NUBP2, a member of nucleotide-binding proteins (NUBP) [21], is involved in various physiological functions. Together with NUBP1, NUBP2 plays a critical role in the maturation of cytosolic and nuclear Fe–S proteins [22]. It has been discovered that the production of long splicing isoform of NUBP2 suppressed cancer cell proliferation in oral squamous cell carcinoma [23]. On the other hand, NUBP2 is required for cytosolic Fe/S protein assembly and cellular iron metabolism, and its knockdown leads to reduced cell viability [24]. Consistently, our results demonstrated that NUBP2 knockdown resulted in suppressed cell proliferation and enhanced cell apoptosis in CRC cells. Whereas overexpressing NUBP2 promoted cell proliferation and suppressed apoptosis. Correspondingly, animal xenografts demonstrated that loss of NUBP2 resulted in a decreased tumor growth in vivo. The EMT is a biological process that contributes to the acquisition of mesenchymal cell features, and it has been demonstrated to increase invasiveness and migratory capabilities of CRC cells [25, 26]. Notably, the current study revealed that depleting NUBP2 effectively inhibited cell migration and invasion. This was confirmed by suppressing EMT through reducing N-cadherin and Vimentin expression, and increasing E-cadherin expression.

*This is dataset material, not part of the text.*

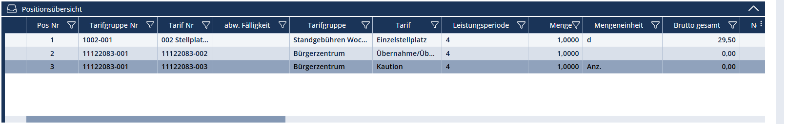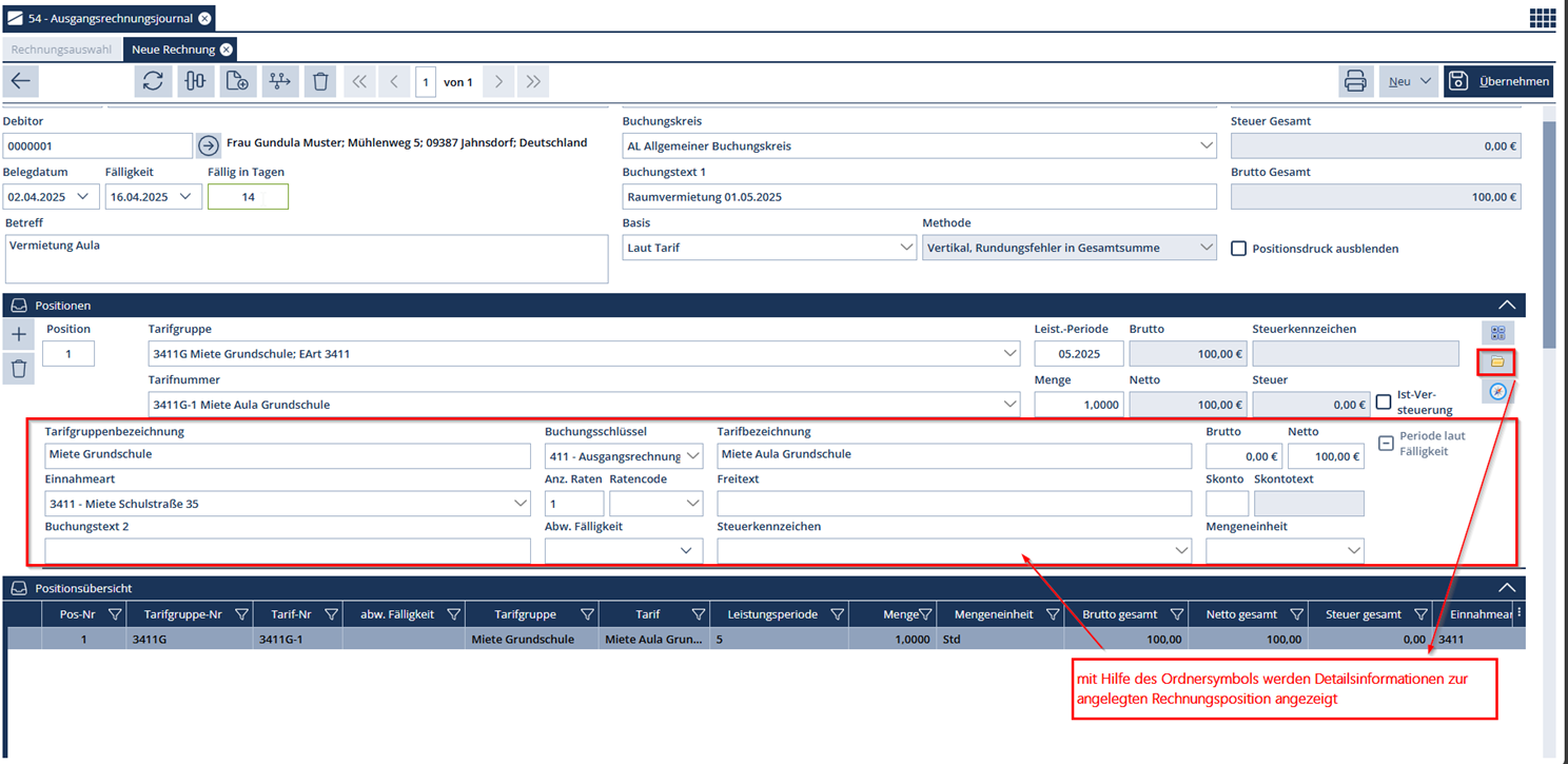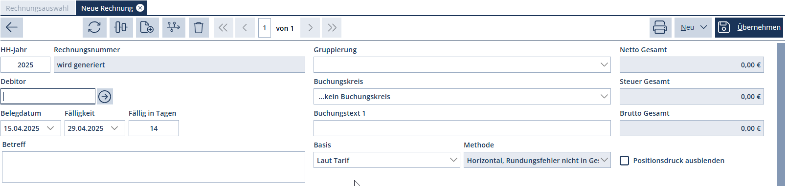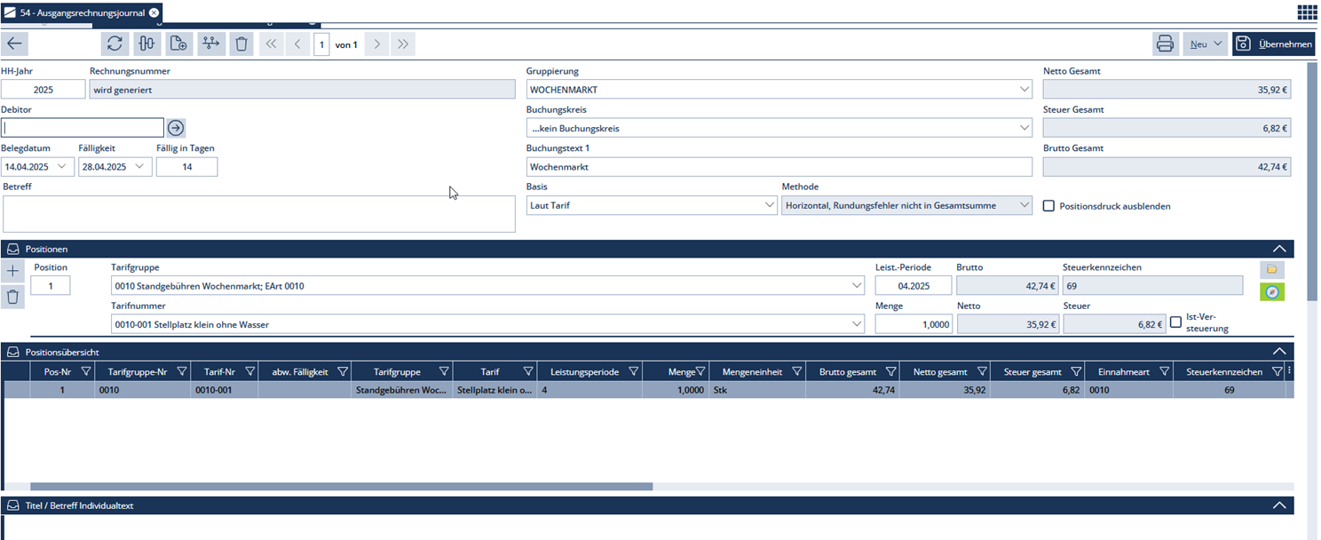 In den Kopfdaten erfassen Sie den Debitor sowie alle anderen benötigten Angaben.Über den Button : können Sie eine neue Position erfassen und im Anschluss die jeweilige Tarifgruppe mit dem entsprechenden Tarif wählen. Sollten Sie einen abweichenden Betrag benötigen, ist eine Änderung über das Ordner-Symbol rechts in der jeweiligen Positionszeile möglich. Über die darunterliegenden Panels „Titel / Betreff Individualtext“, „Oberer Individualtext“ und „Unterer Individualtext“ können die Rechnungstexte individualisiert werden.

These findings collectively indicated that NUBP2 plays a crucial role in promoting cancer development in CRC. Next, we attempted to preliminarily unveil the potential molecular mechanism by which NUBP2 regulated CRC progression.

Glycogen synthase kinase 3 beta (GSK3β) plays a crucial role in various biological processes such as cellular metabolism, cytoskeleton, and gene expression [27]. Moreover, GSK3β has been found to affect cell phenotypes like cell cycle, survival, proliferation, and apoptosis [28]. Previous studies have shown that GSK3β is upregulated or activated in CRC [29, 30]. Herein, we observed that the phosphorylation level of GSK-3β was suppressed in RKO cells when NUBP2 was knocked down, while upregulated upon NUBP2 overexpression. Notably, inhibiting GSK-3β led to cell cycle arrest and apoptosis in CRC [30]. Consistent with these findings, our findings demonstrated that treatment with CHIR-99021 HCl (10 μM), a GSK3 inhibitor, suppressed cell proliferation and facilitated apoptosis in CRC cells. What is more, the promoting effect of NUBP2 on the malignant behaviors of CRC cells could be reversed by the addition of CHIR-99021 HCl. Importantly, PI3K/AKT/GSK3β signaling pathway has been implicated in the EMT in CRC [17, 18]. Our study revealed that knocking down NUBP2 effectively inhibited EMT in CRC, while NUBP2 overexpression increased the expression of p-GSK-3β, p-AKT, p-PI3K, β-catenin and Cyclin D1. Interestingly, treatment with a GSK3 inhibitor partially reversed these effects, indicating that NUBP2 contributed to EMT and progression in CRC via GSK-3 regulation. However, further investigations are necessary to elucidate the precise mechanisms by which NUBP2 modulates EMT in CRC cells via the PI3K/AKT/GSK3β pathway.

Conclusion

In conclusion, our findings revealed that NUBP2 knockdown repressed malignant phenotype of CRC cells by suppressing cellular proliferation and migration while stimulating apoptosis, and inhibited tumor growth in vivo. Furthermore, restoring GSK3β activity could reverse the malignant phenotype of CRC cells induced by NUBP2 overexpression. Overall, the current study emphasized the potential of NUBP2 as a novel therapeutic target for combating CRC progression, providing valuable insights into the underlying mechanisms of CRC progression.